Expert: Turkiye has capacity to produce 85 percent of its medical needs
Azerbaijan had a rich pharmaceutical history, but unfortunately, after the dissolution of the USSR, this sector collapsed in Azerbaijan. Today, the production of pharmaceuticals amounted to over $6m, of which over $2 m is exported. In contrast with export, the import totaled $653m ranking 6th. As it is seen, there is a big negative balance.
So, being determined to develop the pharmaceutical sector, the Azerbaijani government has taken several steps in this regard. Joint production of medicaments with other countries is among these steps. Previously, Azerbaijan tried to jointly manufacture medicaments with foreign countries such as Iran and Russia, the cooperation with former failed. Despite the fact, Azerbaijan has not given up and continues to bring know-how in this sector by cooperating with foreign countries. This week, Azerbaijan's Economy Ministry signed a cooperation agreement with Turkiye's Genilac (Gen İlaç ve Sağlık Ürünleri A.Ş.) pharmaceutical manufacturing company that aroused great interest among the society.
In a comment on the issue for Azernews, expert Huseyn Sarpkaya, the Chairman of the Health Sector Council of Independent Industrialists and Businessmen Association (MUSIAD), hailed Azerbaijan's determined approach to the issue and emphasized the importance of the pharmaceutical sector.
He added that in today's world, the power and independence of countries are directly proportional to their self-sufficiency in every field. He pointed out that especially Defense Industry, Food Industry, and Health Industry are accepted as strategic sectors.
“Any supply crisis that could happen in these strategic sectors will lead to internal unrest and turmoils in a country. In addition, as we witnessed during the pandemic, the use of the supply chain as a method of intimidation or threat by the countries that have a monopoly in the health industry, which is one of the sectors I mentioned above, made countries like ours to develop their own solutions,” he pointed out.
As for the Turkish practice of joint production of medicaments with other countries, the expert said that Turkiye enjoys good experience in this area. He noted that Turkiye is very good in the production of medicaments classified as conventional drugs. However, he emphasized that Turkiye and Azerbaijan have to focus on new-generation medicaments which are called smart molecules for biotechnological medicines.
“Global pharmaceutical manufacturers have been collaborating with Turkish entrepreneurs for years. The Turkish pharmaceutical factories are very experienced in drugs which are considered as conventional drug group. Apart from that, the two countries should focus on the fact that smart molecules of biotechnological drugs will replace conventional drugs in the future. For example, I can say that internal combustion engine cars are like conventional drugs, electric cars are like biotechnological drugs,” Huseyn Sarpkaya noted.
He provided an insight into the fact that “The Dawn of the Deep Tech Ecosystem,” the report of Boston Consulting Group and Hello Tomorrow, reads the total global private investment in Biotechnology categories increased over 20 percent from 2015 to 2018, reaching $18bn. In addition, The USA and China received approximately 81 percent of global private investment in deep technology companies from 2015 to 2018, with approximately $32.8bn and $14.6 billion invested in each country, respectively. He underscored that China is one of the biggest drivers of investment in deep technology, with funding increase in an annual rate of more than 80 percent from 2015 to 2018. Investments in US companies increased by 10 percent over the period.
“Again, according to the same report, there are approximately 8,700 deep technology companies (those benefiting from technological breakthroughs that require intensive R&D) in nearly 70 markets. According to the research, entrepreneurs at the global level are doing R&D and innovation studies with very high budgets, especially in biotecnological drug studies. Thanks to the cooperation of the two countries, it will be possible to conduct researches in many Turkish and Azerbaijani universities for the production of biotechnological drugs as well as conventional drugs.
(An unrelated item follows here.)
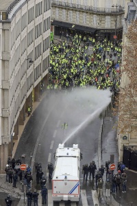 Al mismo tiempo, en la avenida de los Campos Elíseos, algunos chalecos amarillos incendiaron cestos de residuos y contenedores, a lo que la policía respondió desplazando a los manifestantes y con algunos arrestos esporádicos.

With the help of this knowledge, it will be able to meet the needs of Turkiye, Azerbaijan, and allied countries,” MUSIAD's department head added.
The expert said that Turkiye has the capacity to produce 85 percent of its medical needs. He noted that the Turkish pharmaceutical industry has developed for more than 50 years, reached these points and accumulated quite a lot of KNOW-HOW.
“In addition to a population of 81 million, there are about forty countries within a 3-hour flight distance, so it is a candidate to be the top of the production line of both Europe and the Middle East. Turkiye can take this logistics power to a higher level together with Azerbaijan,” the expert said.
The cooperation agreement signed between the two friendly and brotherly countries by Azerbaijan's Ministry of Economy and Turkiye's Genilac (Gen İlaç ve Sağlık Ürünleri A.Ş.) pharmaceutical production company is not just a an agreement to construct a factory, but a facility and science center that will invent its own national domestic drug and be involved in its own molecular work in the future.
“If a country invents its own molecule, then it sets the rules and takes the first step towards self-sufficiency in health,” Sarpkaya concluded.